Seizures: Safety First
A SEIZURE IS THE PHYSICAL changes in behavior after an episode of abnormal electrical activity in the brain. The term “seizure” is often used interchangeably with “convulsion.” During convulsions, a person experiences uncontrollable rapid and rhythmic shaking, with the muscles contracting and relaxing repeatedly. There are many types of seizures. Some have mild symptoms without shaking.
It may be hard to tell if someone is having a seizure. Some seizures only cause staring spells, which may go unnoticed. Specific symptoms depend on which part of the brain is involved. Symptoms occur suddenly and may include a brief blackout followed by a period of confusion, changes in behavior, drooling or frothing at the mouth, eye movements, grunting and snorting noises, and loss of bladder or bowel control. Other signs include mood changes, shaking of the entire body, sudden falling, tasting a bitter or metallic flavor, teeth clenching and a temporary stop in breathing.
Symptoms may stop after a few seconds or minutes, or continue for up to 15 minutes. They rarely continue longer. The person may have warning signs before the attack, such as fear or anxiety, nausea, vertigo and visual symptoms (such as flashing bright lights, spots or wavy lines before the eyes).
Seizures of all types are caused by disorganized and sudden electrical activity in the brain. This may result from abnormal levels of sodium or glucose in the blood; brain infection including meningitis; toxemia of pregnancy; brain injury to the baby during labor or childbirth; phenylketonuria (PKU), causing seizures in infants; brain problems occurring before birth; fever in young children; brain tumor; drug abuse including street drugs; electric shock; epilepsy; head injury; heart disease; heat illness/intolerance; high fever; poisoning; stroke; toxin buildup in the body due to liver or kidney failure; extremely high blood pressure; venomous bites and stings; withdrawal from alcohol or certain medicines after extended use.
When no cause can be found, seizures are called idiopathic. This is usually seen in children and young adults but can occur at any age. There may be a family history of epilepsy or seizures. If seizures continue repeatedly after the underlying problem is treated, the condition is called epilepsy.

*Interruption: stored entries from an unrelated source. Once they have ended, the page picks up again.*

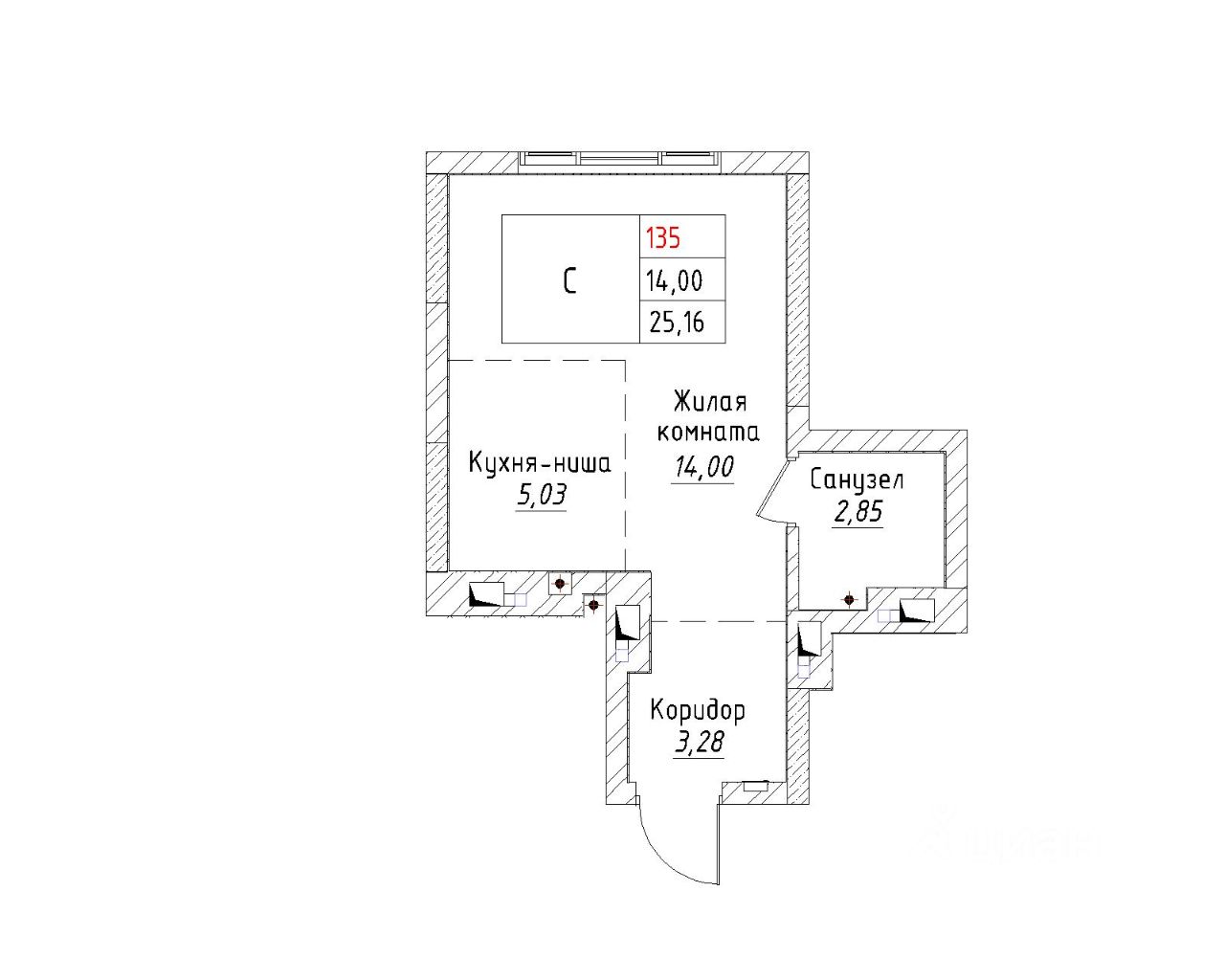 Общая площадь25,16 м²
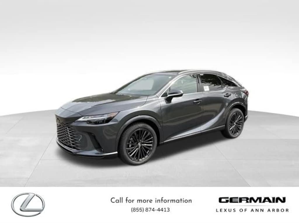 Gray 2025 Lexus RX 350 Premium AWD 8-Speed Automatic 2.4L I4 Turbo AWD, Black Nuluxe Artificial Leather, 12 Speakers, 19" 5-Spoke Alloy Wheels, 4-Wheel Disc Brakes, 8-Way Power Driver & Front Passenger Seat Adjusters, ABS brakes, Air Conditioning, Alloy wheels, AM/FM radio: SiriusXM, Anti-whiplash front head restraints, Auto High-beam Headlights, Auto tilt-away steering wheel, Auto-dimming door mirrors, Auto-dimming Rear-View mirror, Automatic temperature control, Brake assist, Bumpers: body-color, Compass, Convenience Package, Delay-off headlights, Door Edge Film by 3M, Driver door bin, Driver vanity mirror, Dual front impact airbags, Dual front side impact airbags, Electronic Stability Control, Emergency communication system: Safety Connect (10-year trial), Exterior Parking Camera Rear, Four wheel independent suspension, Front anti-roll bar, Front Bucket Seats, Front Center Armrest, Front dual zone A/C, Front fog lights, Front reading lights, Fully automatic headlights, Garage door transmitter: HomeLink, Genuine wood console insert, Heated & Ventilated Front Bucket Seats, Heated door mirrors, Heated front seats, Heated steering wheel, Illuminated entry, Leather Shift Knob, Leather steering wheel, Low tire pressure warning, Memory seat, Navigation System, NuLuxe Seat Trim, Occupant sensing airbag, Outside temperature display, Overhead airbag, Overhead console, Panic alarm, Passenger door bin, Passenger vanity mirror, Power door mirrors, Power driver seat, Power Liftgate, Power moonroof, Power passenger seat, Power Rear Door w/Kick Sensor, Power steering, Power windows, Premium Package, Premium Paint (PJ), Radio data system, Radio: Lexus Interface w/14" HD Touchscreen Display, Radio: Lexus Interface w/9.8" HD Touchscreen Display, Rain sensing wipers, Rear air conditioning, Rear anti-roll bar, Rear reading lights, Rear seat center armrest, Rear side impact airbag, Rear window defroster, Rear window wiper, Remote keyless entry, Security system, Speed control, Speed-sensing steering, Split folding rear seat, Spoiler, Steering wheel memory, Steering wheel mounted audio controls, Tachometer, Telescoping steering wheel, Tilt steering wheel, Traction control, Trip computer, Turn signal indicator mirrors, Variably intermittent wipers, Ventilated front seats, Wheels: 21" 20-Spoke Alloy w/Dark Gray Met Finish, Wireless Apple CarPlay/Wireless Android Auto, AWD, Black Nuluxe Artificial Leather.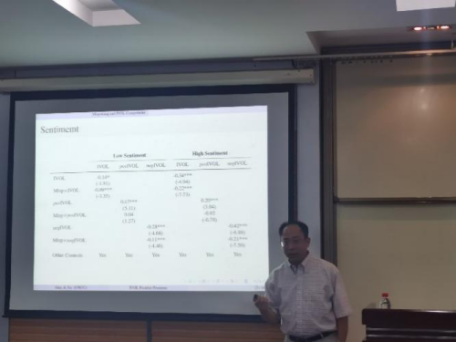 7月4日,由兔子先生 金融系、兔子先生 金融研究中心、兔子先生 金融发展与政策研究中心及兔子先生 金融工程与风险管理研究中心共同主办的景林珞珈金融论坛第236期在学院顺利举行。北卡罗来纳大学夏洛特分校韩豫峰教授做了题为“There is a Positive Risk Premium for Idiosyncratic Volatility After All”的学术报告。论坛由金融系李斌教授主持,学院多位老师和同学参加了此次论坛。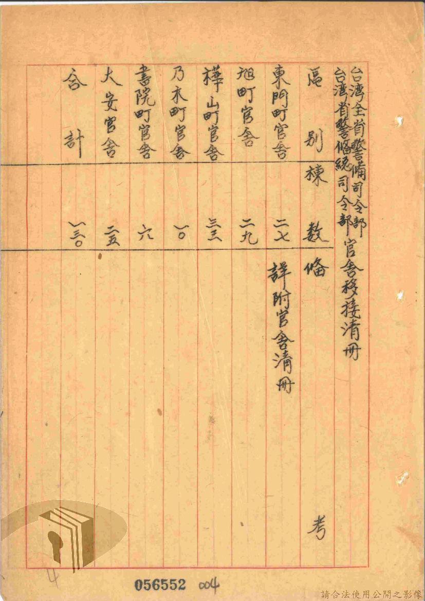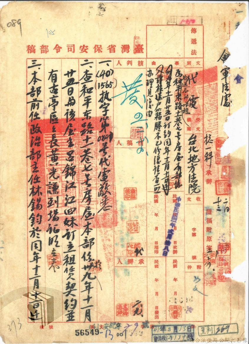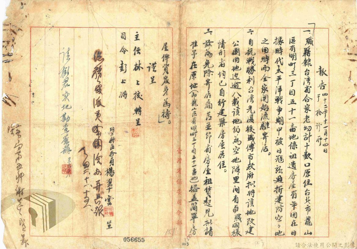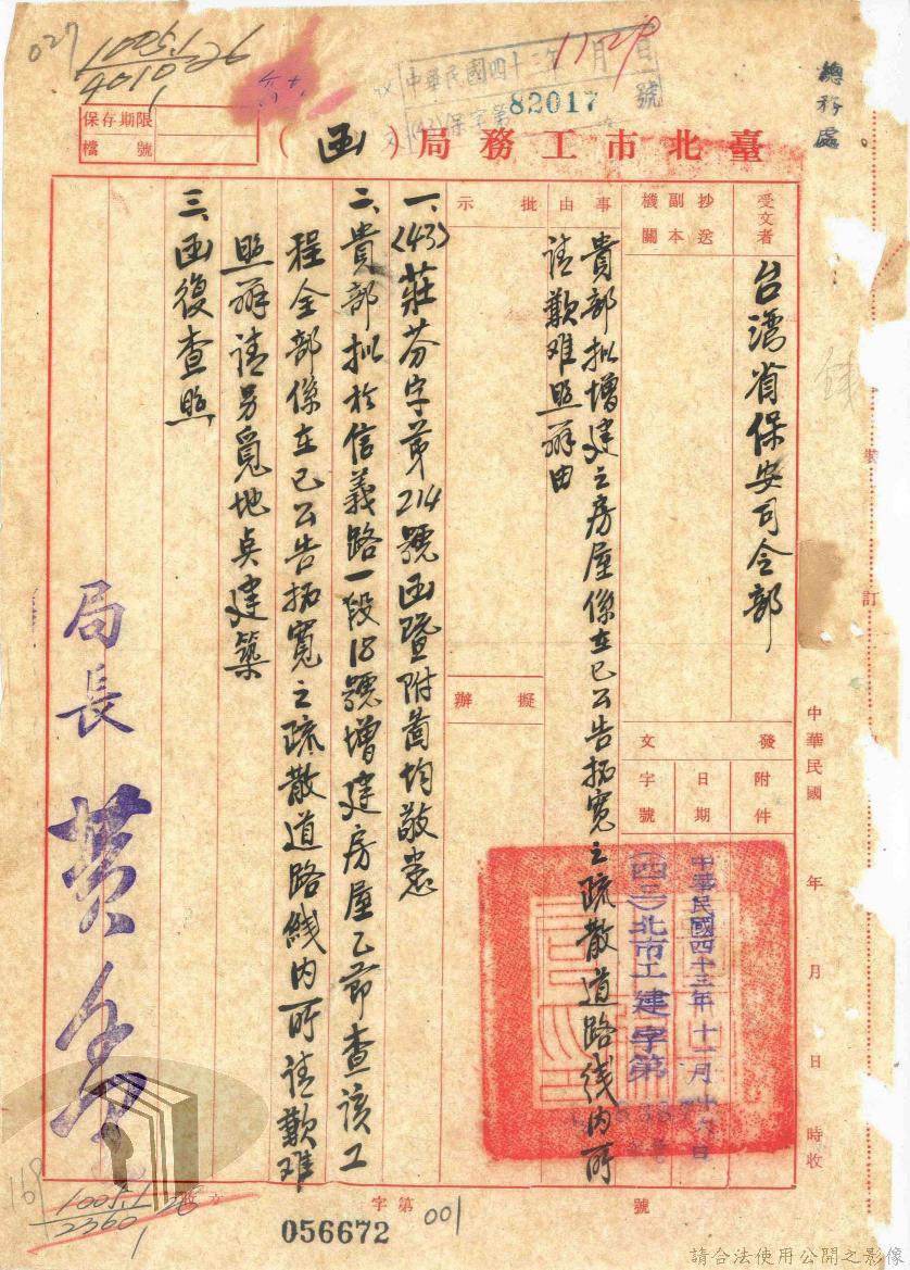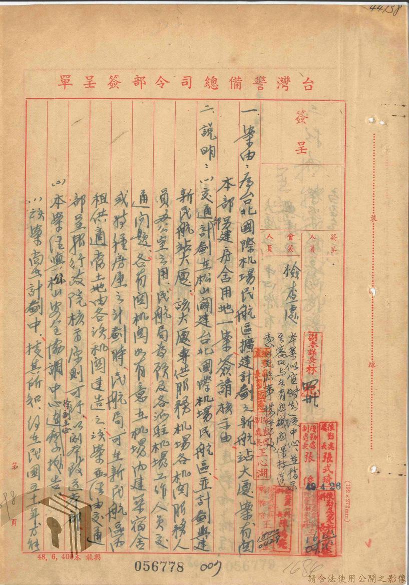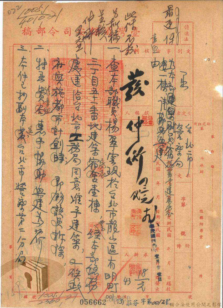 本案為38至49年間,有關國防部後備司令部〈前台灣警備總司令部〉所有台北市內房屋土地使用情況,與軍管區司令部、聯勤總部、永利化學公司、台灣金屬品冶製公會、台北市工務局等單位出售、購買、借用、移交等事宜。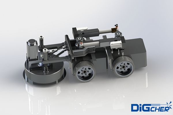 機(jī)器人采用四輪驅(qū)動(dòng),負(fù)載能力強(qiáng),可在在垂直面及天花板面任意行走;電機(jī)驅(qū)動(dòng),具有穩(wěn)定可靠的立面吸附措施;機(jī)器人前端的毛刷盤負(fù)責(zé)清理和回收模板表面的粉塵和殘?jiān)?br />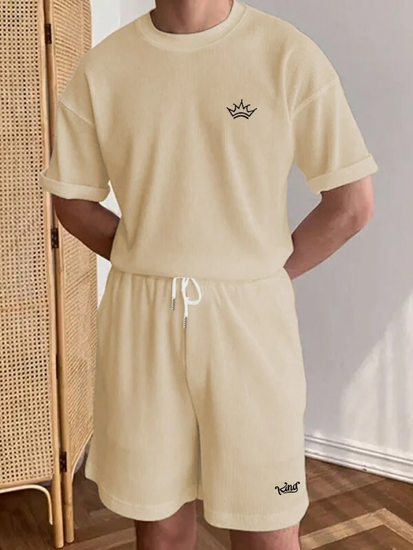 Manfinity Hypemode Men's Crown Pattern Short Sleeve T-shirt And Shorts Set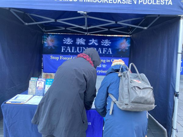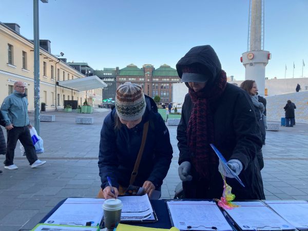 當天在赫爾辛基的康比廣場(Kamppi)附近,有學生在寒冷發抖的情況下,仍堅持簽名聲援。期間不斷聽到民眾的反饋:「我在網絡上看到,而且一直關注你們的信息。」「活摘器官完全無法接受。」「要勇敢地繼續講下去。」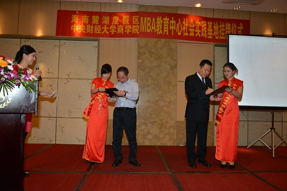 2014年3月29日上午,新葡的京集团350vip8888首页MBA教育中心与中合集团旗下海南麓湖度假区社会实践基地签约暨授牌仪式在海南举行。我校新葡的京集团350vip8888首页院长兼MBA教育中心主任王瑞华教授、白沙黎族自治县常务副县长王桂厅、首届MBA校友、中合集团董事长韩涛、白沙黎族自治县副县长卢瑞强、白沙黎族自治县政协副主席孙小旧、中合集团总裁李红勋等出席了本次活动。我校MBA教育中心孔伟明老师、新葡的京集团350vip8888首页校友会会长王再文、MBA校友会会长冯大任、MBA校友理事会理事、秘书处成员及新葡的京集团350vip8888首页校友代表20余人参加了本次活动。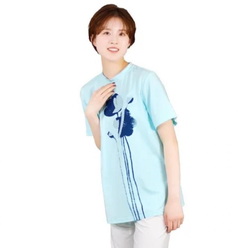 立ち姿が優雅な蓮をモチーフにしたモダンとアートのようなプリントTシャツです。

Most seizures stop by themselves, but during a seizure, the person can be injured. If you are traveling and a person near you has a seizure, the main goal is to protect the person from injury. Try to prevent a fall. Lay the person on the ground in a safe area. Clear the area of furniture or other sharp objects. Cushion the person’s head. Loosen tight clothing, especially around the neck. Turn the person on the side; if vomiting occurs, this helps prevent the inhalation of vomit into the lungs. Look for a medical ID bracelet with seizure instructions. Stay with the person until he or she recovers, or until medical help arrives. Monitor the victim’s pulse and rate of breathing.
Do not restrain the person. Do not place anything between the person’s teeth, including your fingers. Do not move the victim unless he or she is near something hazardous. You cannot stop a seizure. The individual has no control over it and is not aware of what is happening. Do not give the person anything by mouth until convulsions stop and the individual is fully alert. Do not start CPR unless the seizure has clearly stopped and the victim is not breathing or has no pulse.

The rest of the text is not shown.